Reputation: 19781
HTML content:
<div class="txt-block">
<h4 class="inline">Release Date:</h4> 26 April 2019 (USA)
<span class="see-more inline"></span>
</div>
My XPath:
>>> response.xpath("//div[@class='txt-block']/h4[contains(text(), 'Release Date')]/parent::div/text()")
[<Selector xpath="//div[@class='txt-block']/h4[contains(text(), 'Release Date')]/parent::div/text()" data='\n '>,
<Selector xpath="//div[@class='txt-block']/h4[contains(text(), 'Release Date')]/parent::div/text()" data=' 26 April 2019 (USA)\n '>,
<Selector xpath="//div[@class='txt-block']/h4[contains(text(), 'Release Date')]/parent::div/text()" data='\n '>]

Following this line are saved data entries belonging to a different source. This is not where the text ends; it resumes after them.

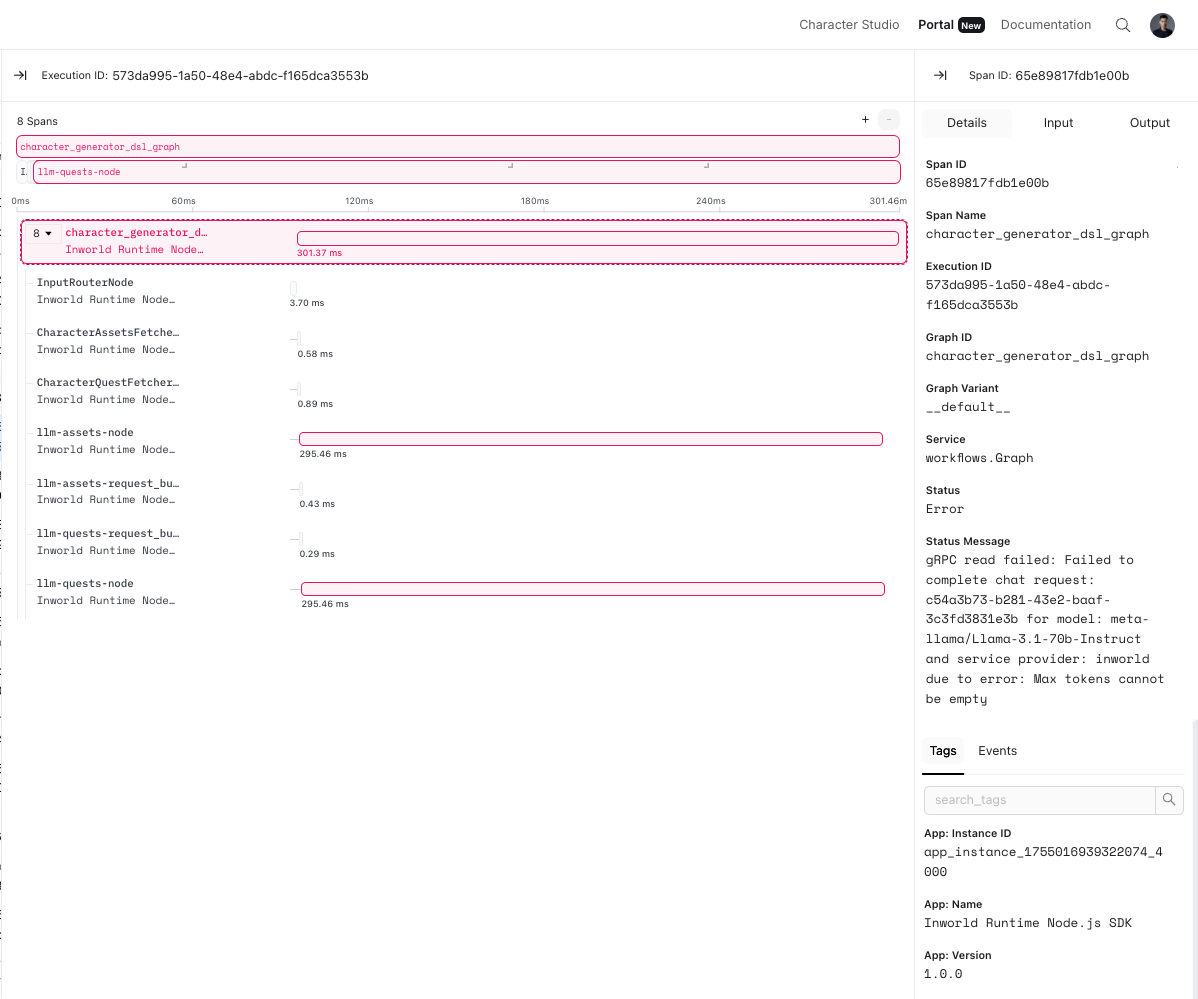 | Span Name | Name of the span. Ex: Graph ID (for graph spans) or Node ID (for node spans) | Runtime |
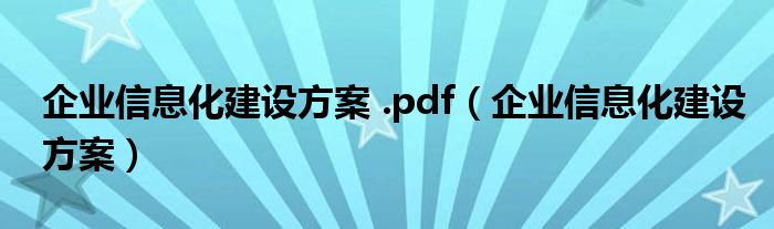 关于企业信息化建设方案 .pdf,企业信息化建设方案这个很多人还不知道,今天菲菲来为大家解答以上的问题,现在让我们一起来看看吧!
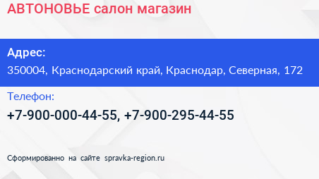 АВТОНОВЬЕ, салон-магазин по адресу 350004, Краснодарский край, Краснодар, Северная, 172 в дальнейшем Организация, размещена в следующих категориях:
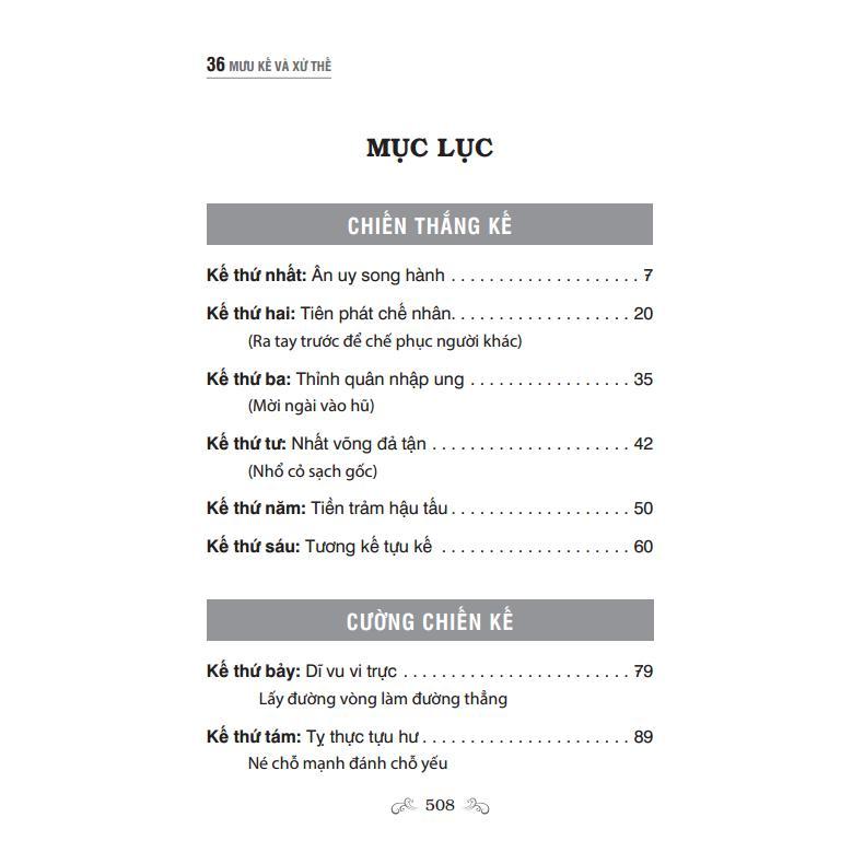 Trong cuộc sống, không phải chỉ cần sức mạnh là có thể vượt qua được mọi thử thách. Cuốn sách “36 Mưu Kế Và Xử Thế” sẽ chứng minh cho người đọc thấy rằng chiến trường, thương trường, thắng bại đều do khéo dùng mưu chứ không phải dùng sức. Mặc dù mục đích ban đầu của tác phẩm nổi tiếng này là để phục vụ quân sự nhưng cho đến ngày nay nó đa tạo ra sức ảnh hưởng bao trùm mọi lĩnh vực và có ý nghĩa đối với mọi thời đại.
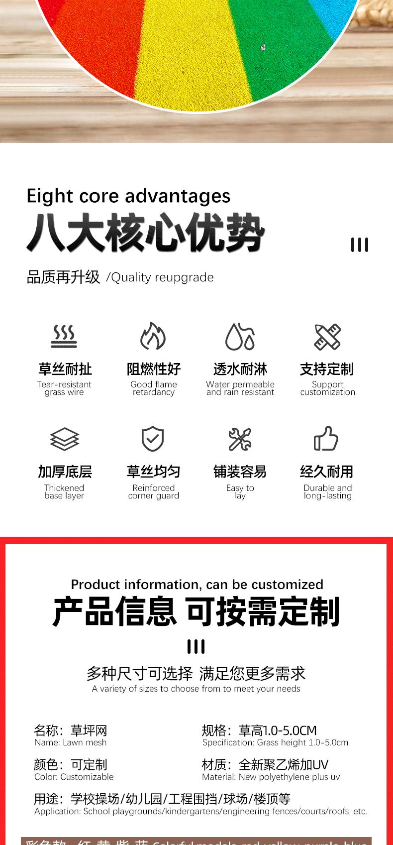 Césped artificial de simulación para jardín de infantes, pista de arcoíris, alfombra artificial de plástico para exteriores, alfombra de colores, césped artificial
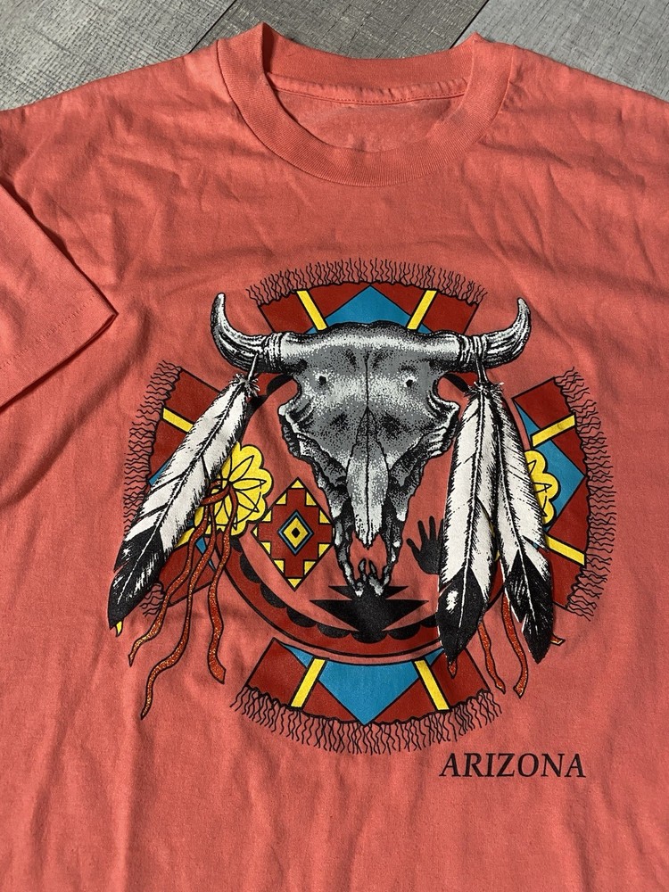Vtg 90s Arizona Cow Skull T-Shirt Medium Native America Feather Puff Print in excellent condition missing tag Any questions feel free to contact me Length: 27” inches Chest: 20” Sleeves: 7”
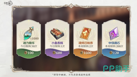 斗魂币在进入到商店之后是比较有作用的,甚至还可以购买各类资源。一开始建议大家可以适当性购买一些小盒香肠,如此就能快速的提升战斗力,迅速地获得各项资源。除了这些之外,还能有机会得到魂力精华、魂师召唤券、中级魂石。
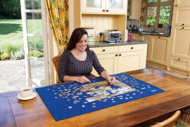 Het vilten oppervlak in blauw houdt de stukjes op hun plek, beschermt ze tijdens opslag en transport en biedt een contrasterende achtergrond voor beter overzicht tijdens het puzzelen. De mat is makkelijk te onderhouden – je kunt hem op de laagste temperatuur strijken via een dunne doek en met de hand wassen in koud water (niet wringen, niet in de droger).
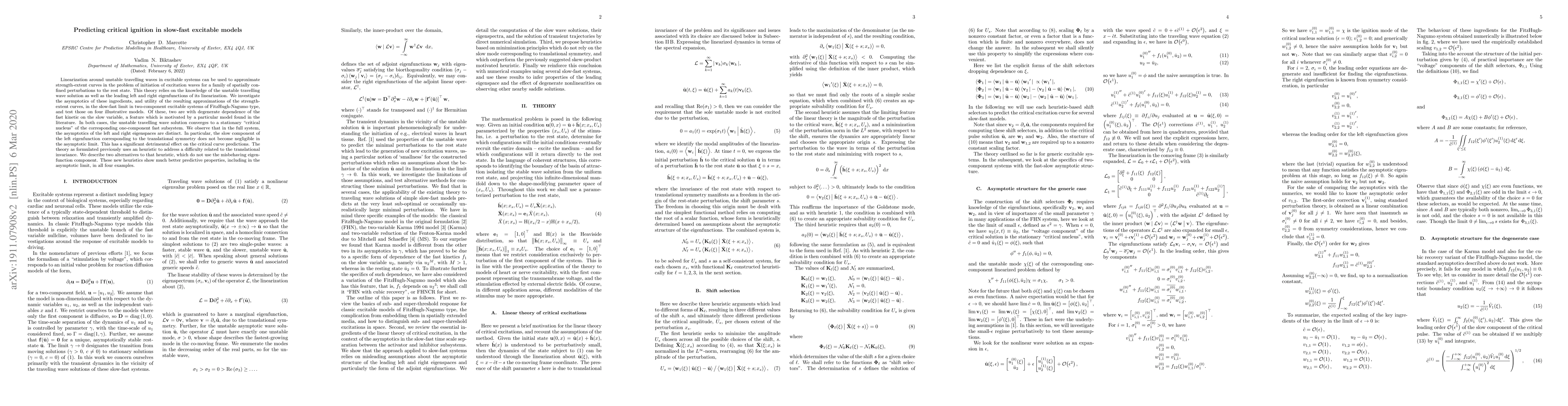 This paper develops a theoretical framework to predict critical ignition in slow-fast excitable models by approximating strength-extent curves for excitation wave initiation. It finds that the traditional heuristic approach has limitations, particularly in the asymptotic limit, and proposes two improved heuristics that better predict critical ignition in four tested models, especially those with degenerate fast kinetics.
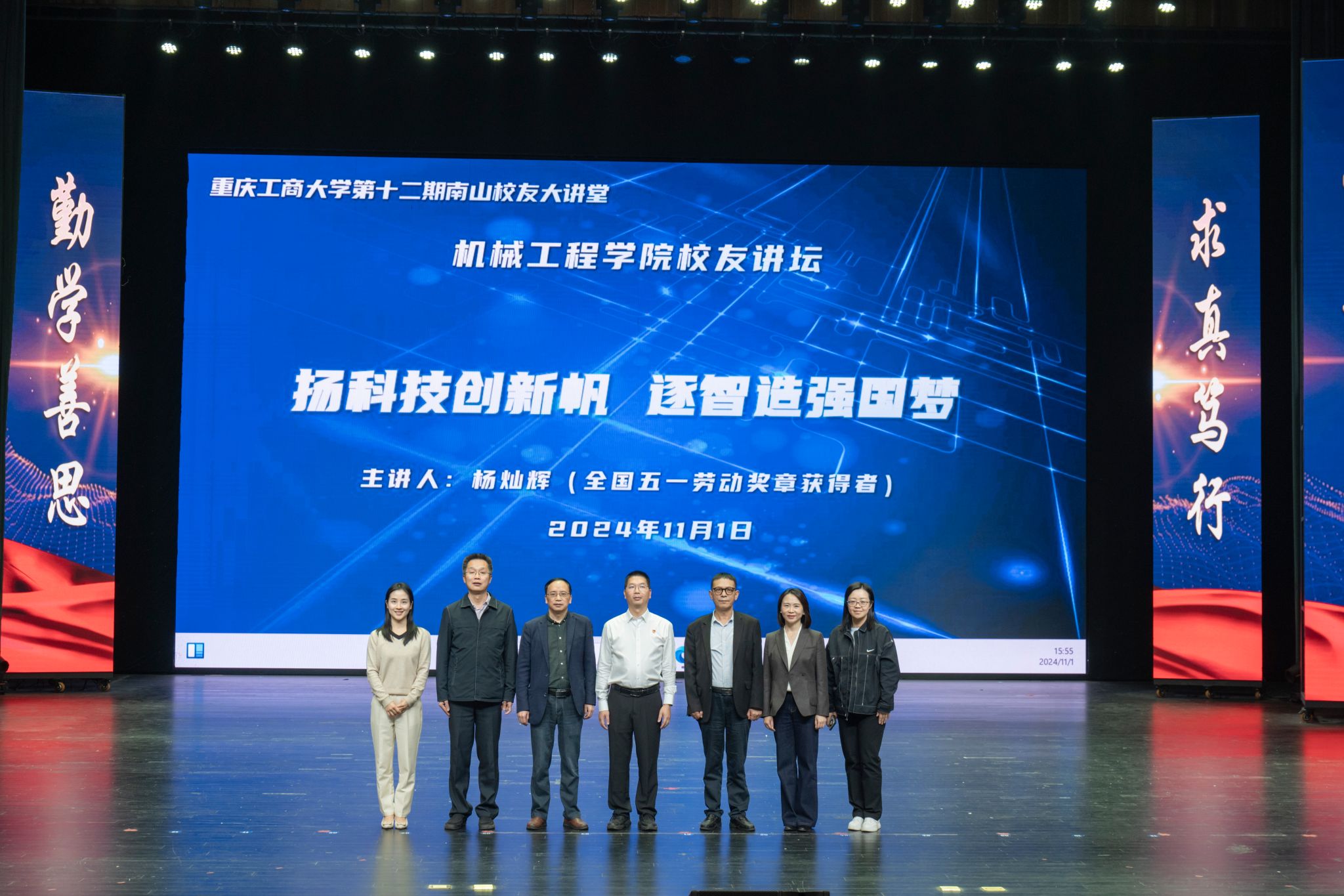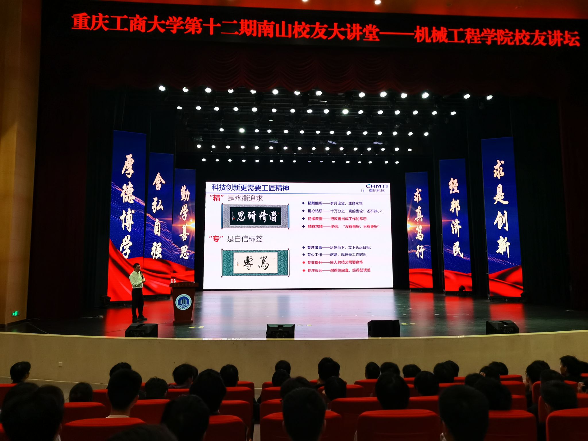 员工杨灿辉系公司1999级机械制造工艺与设备专业本科毕业,现担任重庆机床集团副总工程师。他和团队一直致力于高档数控机床及自动化等领域关键技术的研究,先后承担国家科技重大专项、国家重点研发计划、重庆市科技攻关项目10余项,开发了国内首台套大型全数控滚齿机、高精度蜗轮母机等10余款达到国际先进水平的高档数控制齿机床,填补国内空白,实现进口替代,为我国高端工业母机的发展作出贡献。“成功路上没有捷径,唯有脚踏实地、坚持不懈”,杨灿辉在分享中谈到。有一次为了解决高精度蜗轮母机刀架传动精度问题,他和项目团队成员在实验场连续攻关7个昼夜,最终成功解决了高精度蜗轮母机和大型数控滚齿机床的“卡脖子”技术难题。

Can someone explain to me why I am getting a list with three results? It should return only one. With actual Release Date: 26 April 2019 (USA)
.
Upvotes: 2
Views: 406
Reputation: 111786
This part of your XPath,
//div[@class='txt-block']/h4[contains(text(), 'Release Date')]
selects the h4
. Then /parent::div
selects the parent div
. From there, the final step, text()
, selects all text node children of that div, of which there are three: two with whitespace only, and one with " 26 April 2019 (USA)\n "
.
If you only want 26 April 2019 (USA)
, use this XPath instead:
//div[@class='txt-block']/h4[.='Release Date:']/following-sibling::text()[1]
Notes:
normalize-space()
to consolidate whitespace.h4
instead of using contains()
, but your original condition would work as well.Upvotes: 4